Миры иногда сотрясаются и поворачиваются на своих осях, и такое время
как раз наступило. Флэгг почувствовал это, но не осознал. Спасение всего
доброго возможно только таким образом - во времена великих событий силы зла
иногда впадают в какое-то странное ослепление. Проснувшись утром,
королевский колдун знал, что видел плохой сон, возможно, о своем
давным-давно забытом прошлом, но он не вспомнил, что это было.
Темнота в потайном ходе была абсолютной. Откуда-то спереди из этого
мрака до слуха Денниса донесся ужасный, одинокий звук.
Король плакал.
При этом звуке страх частично покинул Денниса. Он сильно удивился, и
ему стало очень жалко Томаса, всегда казавшегося таким несчастным, ставшего
толстым и прыщавым, - часто он выглядел бледным, и у него тряслись руки
из-за обилия выпитого накануне вечером, и дыхание у него обычно было дурное.
Ноги Томаса уже начинали подгибаться, и пока Флэгг был рядом с ним, он
старался ходить с опущенной головой и свисающими на лицо волосами.
Деннис нащупывал дорогу, вытянув перед собой руки. Звуки плача
слышались все
ближе и ближе в темноте... а потом вдруг темнота немного рассеялась. Он
услышал слабый скользящий звук, а затем увидел неясные очертания Томаса,
стоявшего в конце коридора. Слабый янтарный свет проникал из двух небольших
отверстий, видневшихся в темноте. Деннису эти отверстия показались странно
похожими на глаза.
Как раз в тот момент, когда Деннис уже начинал верить в то, что все
будет хорошо и что он, возможно, переживет эту странную ночную прогулку,
Томас завизжал.
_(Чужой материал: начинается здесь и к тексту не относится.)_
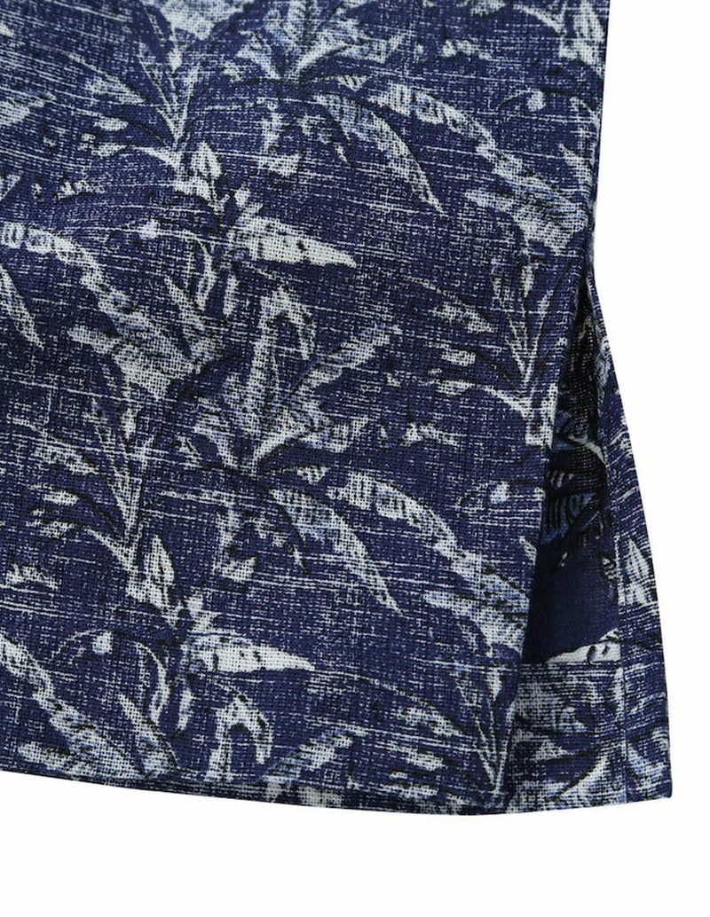 裏使いのこなれ感ある総柄プリント、リラックス感のあるオープンカラー
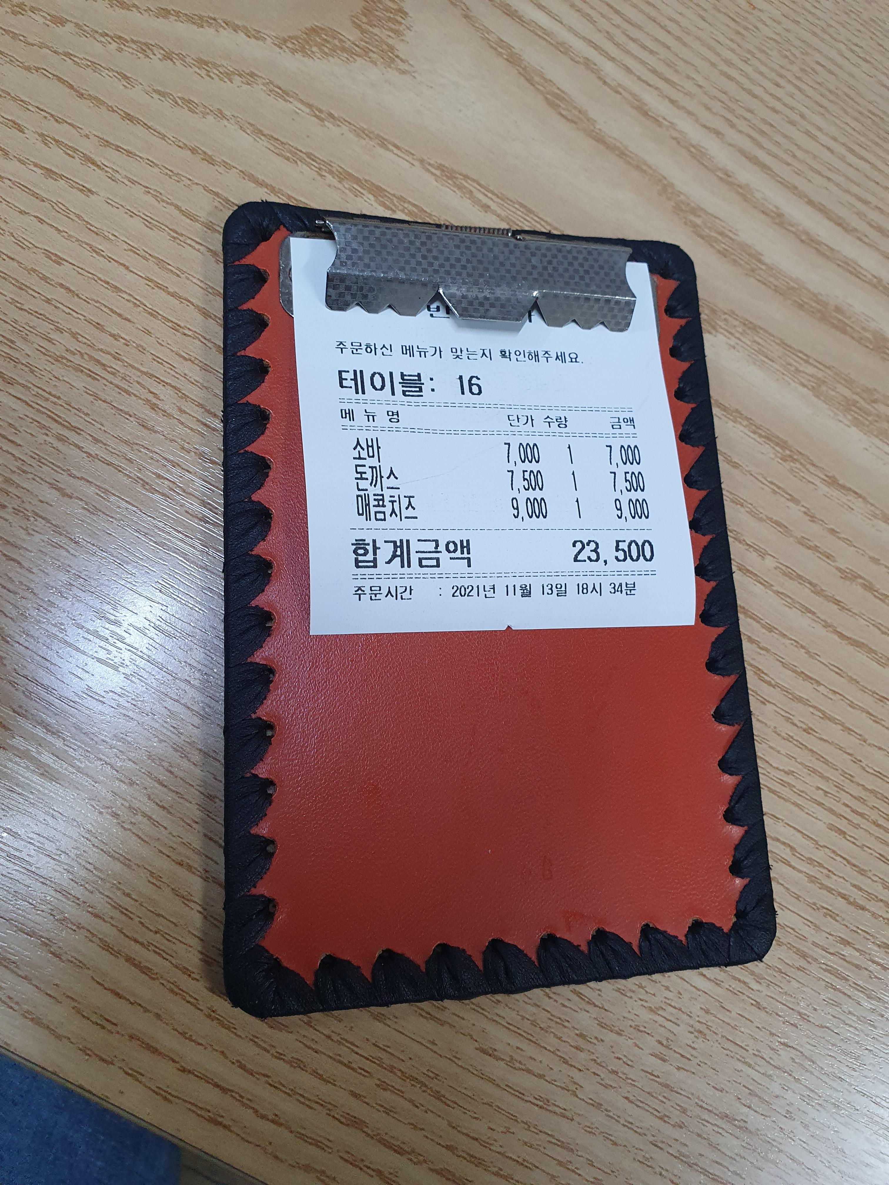 메밀소바1개, 돈까스1개, 매콤치즈돈까스1개 이렇게 시켰습니다.
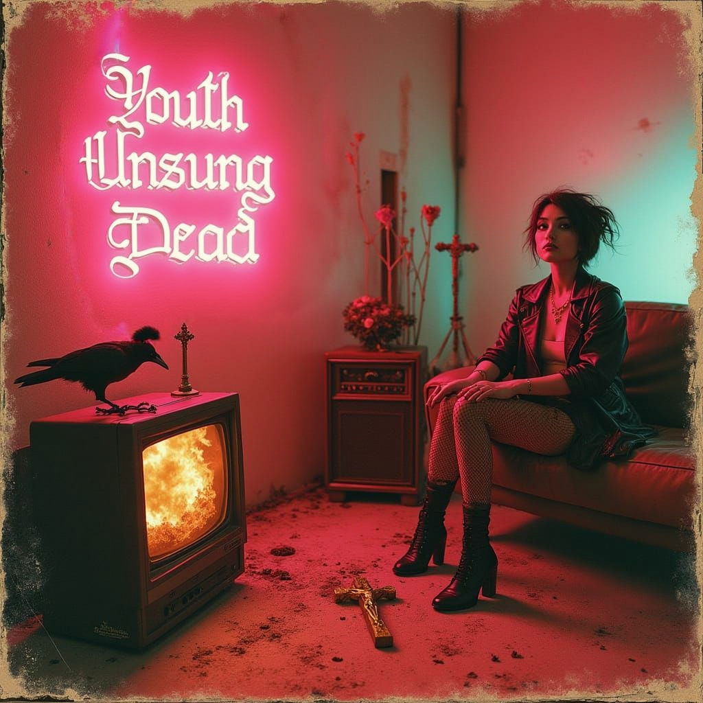 "🎵 Album Title: Youth Eternal Artist: The Unsung Dead Genre: Glam Punk / Queer Grunge / Post-Apocalyptic Rock Vibe: Blood-streaked eyeliner, a cigarette still burning in the ashtray, desert neon bleeding into dusk. The sound of resurrection on vinyl. 🎧 Tracklist Glory Rot Cigarette Halo Knife Ballet The Chapel Burned Down (So We Prayed in the Pit) Postcards from the Wreckage Lipstick in the Apocalypse Blessed Are the Freaks Crossdressed in Static Motel Youth Funeral Song for the Living Dead Boys Don’t Age Youth Eternal (Outro) 🖋️ Liner Notes / Description (NightCafe prompt-ready) A worn, vintage vinyl cover smeared with ash, faded lipstick prints, and typewritten liner notes in blood-red ink. The backdrop is a crumbling motel room glowing with pink neon and static from a broken TV. The album’s mood is grunge and glitter, desert trash elegance, echoing queer rage and sorrow. There’s a gold crucifix on the floor, cracked open like a locket. A crow perches on an amp. Torn fishnets and leather jackets. A cassette player burns softly in a sandstorm. This is Presley Kingston’s scream against time, memory, and god. Visual motifs for NightCafe tags: Glam punk aesthetic 2000s grunge revival Desert motel at night Neon crucifix, broken television Queer gothic fashion Blood and gold color palette Sonic Youth album art style Handwritten tracklist on torn paper Crows, static, glitter, decay"
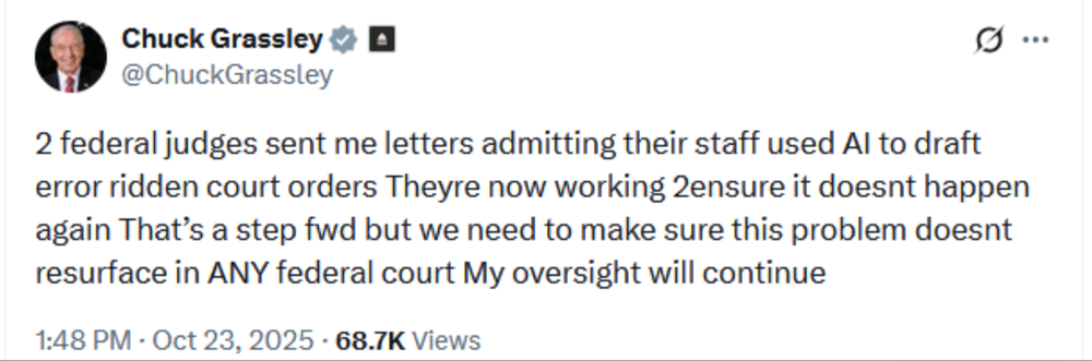 As Judges Admit AI Drafted Faulty Orders Sen Grassley Demands Oversight
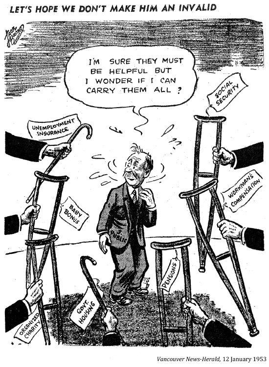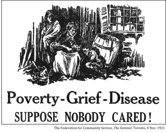 "Until the twentieth century state-supported social welfare programs were virtually non-existent. In the largely rural Canada of the nineteenth century help for the poor, sick and aging member of the community was provided by the family and by local religious and charitable organizations. Increasing urbanization and industrialization did little to change the prevailing view among Canadians that those who needed financial assistance and health-care services were the responsibility of relatives and friends rather than the state . . . [however eventually] urban environment families and charitable institutions were unable to provide sufficient funds and services. The state was called in to fill the gap."

Он визжал так громко, что, казалось, у него порвутся
голосовые связки. Ноги Денниса стали ватными, и он упал на колени, зажав
ладонями свой рот, чтобы заглушить собственный крик, и теперь ему казалось,
что этот потайной ход наполнен призраками - призраками, похожими на
странных, машущих крыльями летучих мышей, которые в любой момент могут
вцепиться в его волосы; ах да, это место казалось Деннису наполненным
бродячими покойниками, и, возможно, так оно и было. Возможно.
Он чуть не лишился чувств... чуть не лишился... но не совсем.
Где-то внизу, под собой, он услышал лай собак и понял, что они
находятся над псарнями старого короля. Несколько еще остававшихся в живых
собак Роланда никогда с тех пор не выводились наружу. Это были единственные
живые существа, не считая самого Денниса, слышавшие этот дикий визг. Но
собаки были реальностью, а не призраками, и Деннис уцепился за эту мысль,
подобно тому как тонущий человек мог бы вцепиться в проплывающее бревно.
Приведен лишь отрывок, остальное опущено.